No. 64 – Edmonton Elks
- Position: Offensive tackle
- Roster status: Active
- CFL status: National

Personal information
- Born: December 23, 1998 (age 27) Calgary, Alberta, Canada
- Listed height: 6 ft 5 in (1.96 m)
- Listed weight: 315 lb (143 kg)

Career information
- High school: Lindsay Thurber (Red Deer, Alberta)
- University: Alberta (2016–2019)
- NFL draft: 2020 (undrafted)
- CFL draft: 2020 (3rd round, 22nd overall pick)

Career history
- Indianapolis Colts (2020–2023)*; Arizona Cardinals (2023); Edmonton Elks (2025–present);
- * Offseason or practice squad member only

Career NFL statistics
- Games played: 5
- Games started: 3
- Stats at Pro Football Reference
- Stats at CFL.ca

= Carter O'Donnell =

Canadian gridiron football player (born 1998)
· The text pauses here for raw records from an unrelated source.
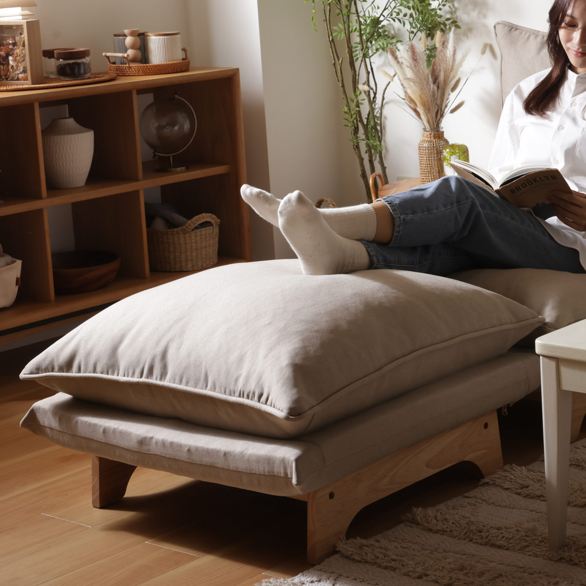 ソファの足置きとしてはもちろん様々なシーンで活躍してくれるゆったりサイズのオットマンです。
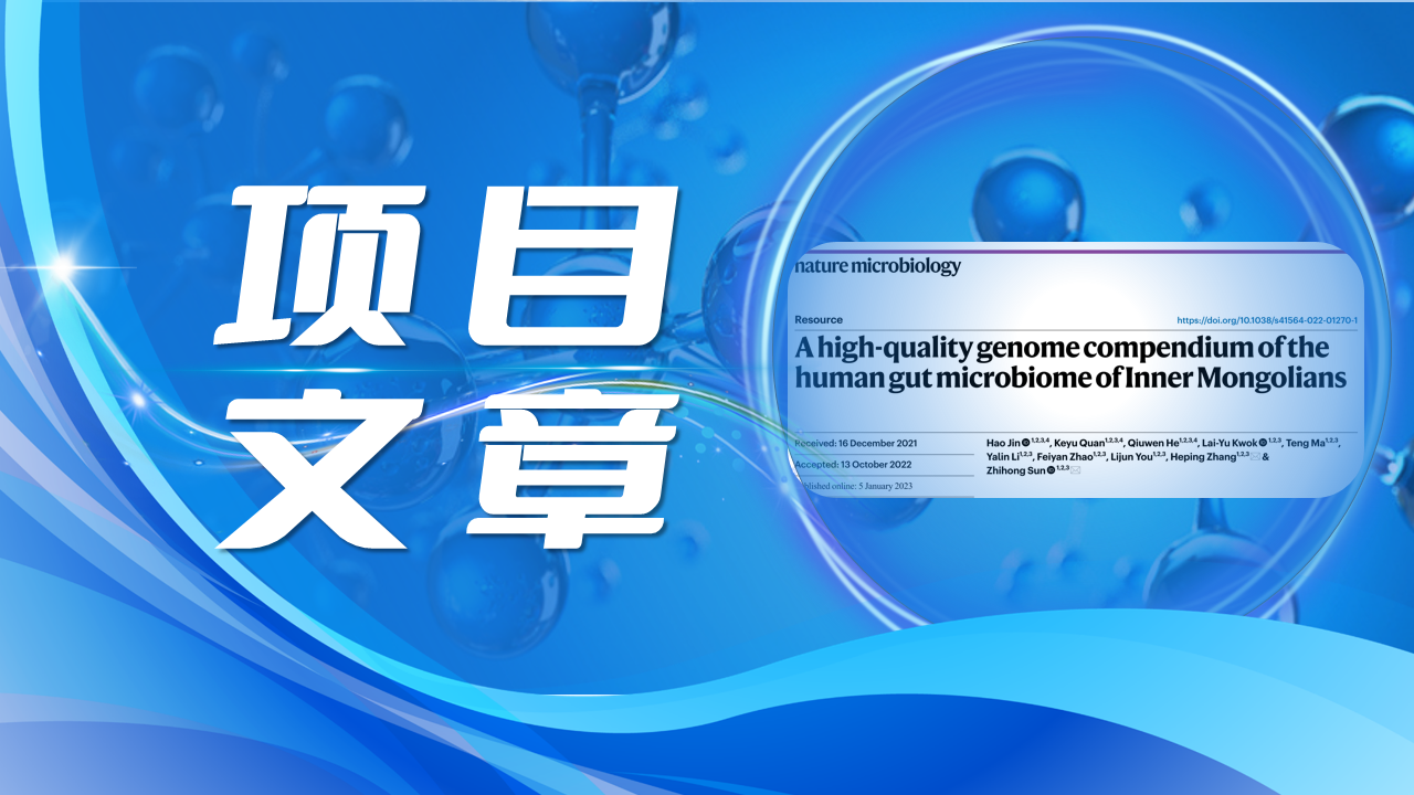 2023年1月5日,內(nèi)蒙古農(nóng)學(xué)大學(xué)張和平教授和孫志宏研究員團(tuán)隊(duì)在微生物領(lǐng)域國(guó)際期刊《Nature Microbiology》(IF:30.964)上發(fā)表了題為“A high-quality genome compendium of the human gut microbiome of Inner Mongolians(“內(nèi)蒙古人腸道菌群的高質(zhì)量基因組簡(jiǎn)編”)的研究論文。該研究基于一項(xiàng)益生菌(Probio-M8)發(fā)酵乳人群干預(yù)實(shí)驗(yàn),采用混合長(zhǎng)讀(ONT)和短讀HiSeq測(cè)序來(lái)表征60名內(nèi)蒙古人的糞便菌群,基于分箱的宏基因組分析策略和方法,構(gòu)建了內(nèi)蒙古人腸道高質(zhì)量基因組數(shù)據(jù)庫(kù)(IMGG)。百邁客為該研究提供了ONT宏基因組測(cè)序服務(wù)。
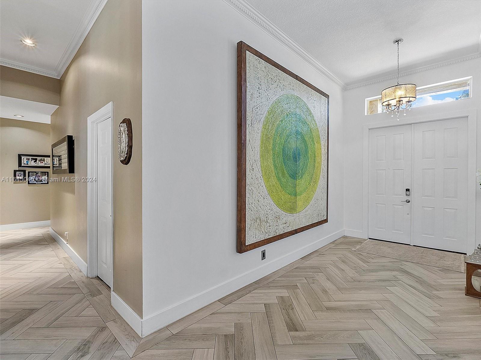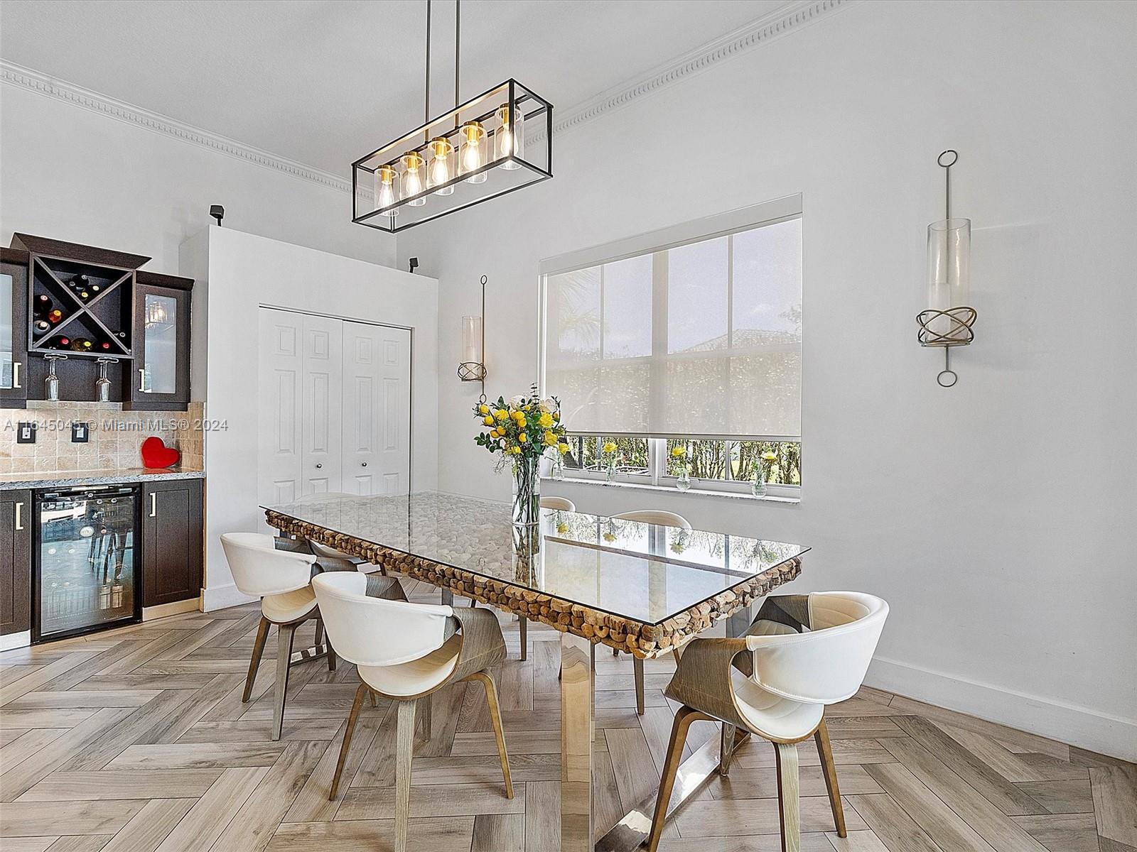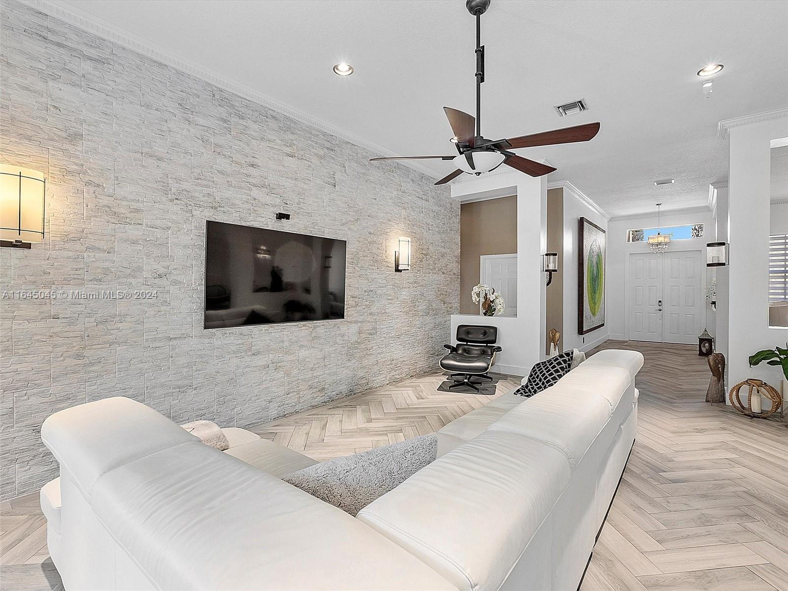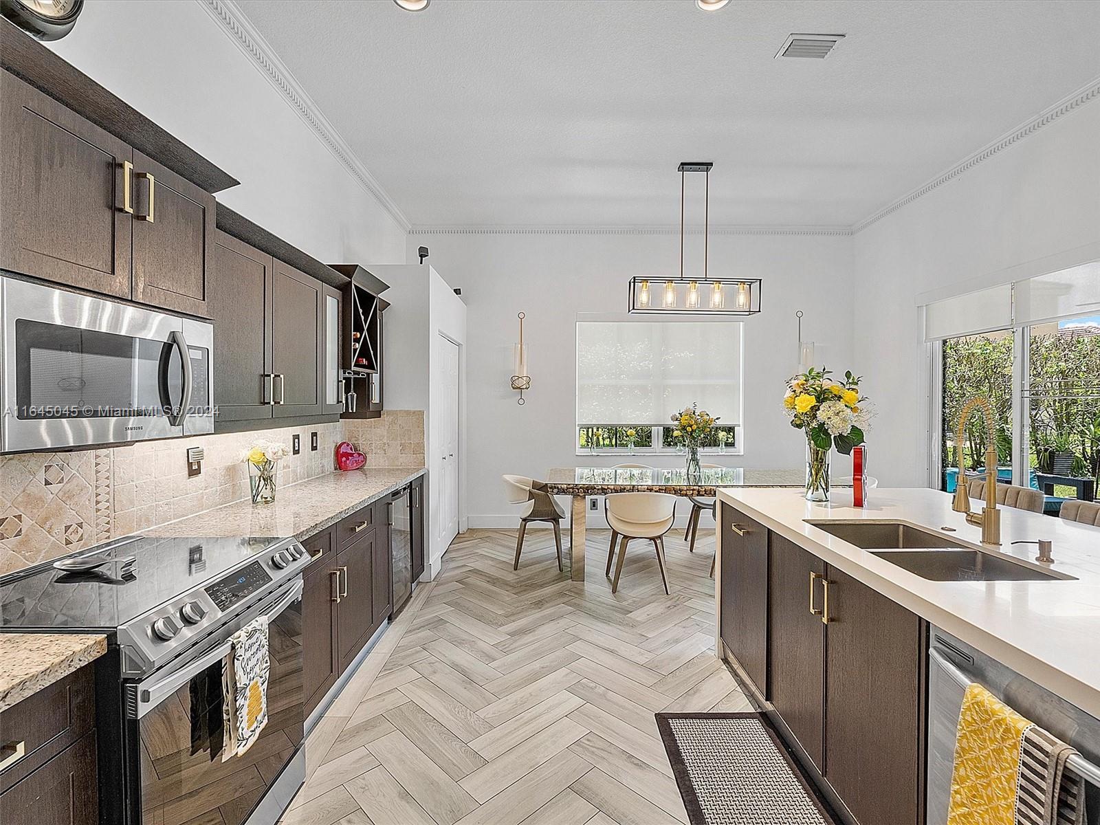 This stunning residence has spacious living areas, including a formal living and dining room and a generously sized family room. The home features one of the largest kitchens in Savanna, complete with a breakfast bar and cozy breakfast nook. Elegant details like crown molding, chair rail accents, and extra-wide baseboards enhance the charm of the bedrooms. The flooring is a stylish blend of neutral tile in the living areas and wood laminate in the bedrooms. Outside, you'll find lush landscaping in both the front and back yards, with ample room for a pool. Plus, the property is conveniently adjacent to a huge park, perfect for outdoor activities. This home is a true gem, combining comfort, style, and a fantastic location!

Carter O'Donnell (born December 23, 1998) is a Canadian professional football offensive tackle for the Edmonton Elks of the Canadian Football League (CFL).

==University career==
O'Donnell played U Sports football for the Alberta Golden Bears from 2016 to 2019. He was one of two U Sports football players to be invited to the 2020 East–West Shrine Bowl, which is held in the United States.

==Professional career==
===Pre-draft===

O'Donnell was ranked as the third best player in the Canadian Football League's Amateur Scouting Bureau final rankings for players eligible in the 2020 CFL draft, and first by players in U Sports, at the end of the 2019 U Sports season. He was selected in the third round, 22nd overall, by the Montreal Alouettes.

Pre-draft measurables
| Height | Weight | Arm length | Hand span | Wingspan |
| 6 ft 5+1⁄2 in (1.97 m) | 313 lb (142 kg) | 32 in (0.81 m) | 10+1⁄8 in (0.26 m) | 6 ft 8+1⁄8 in (2.04 m) |
All values from Pro Day

===Indianapolis Colts===
O'Donnell was not selected in the 2020 NFL draft, but officially signed as an undrafted free agent with the Indianapolis Colts on April 29, 2020. He was waived on September 5, 2020 and signed to the practice squad the next day. On January 10, 2021, O'Donnell signed a reserve/futures contract with the Colts.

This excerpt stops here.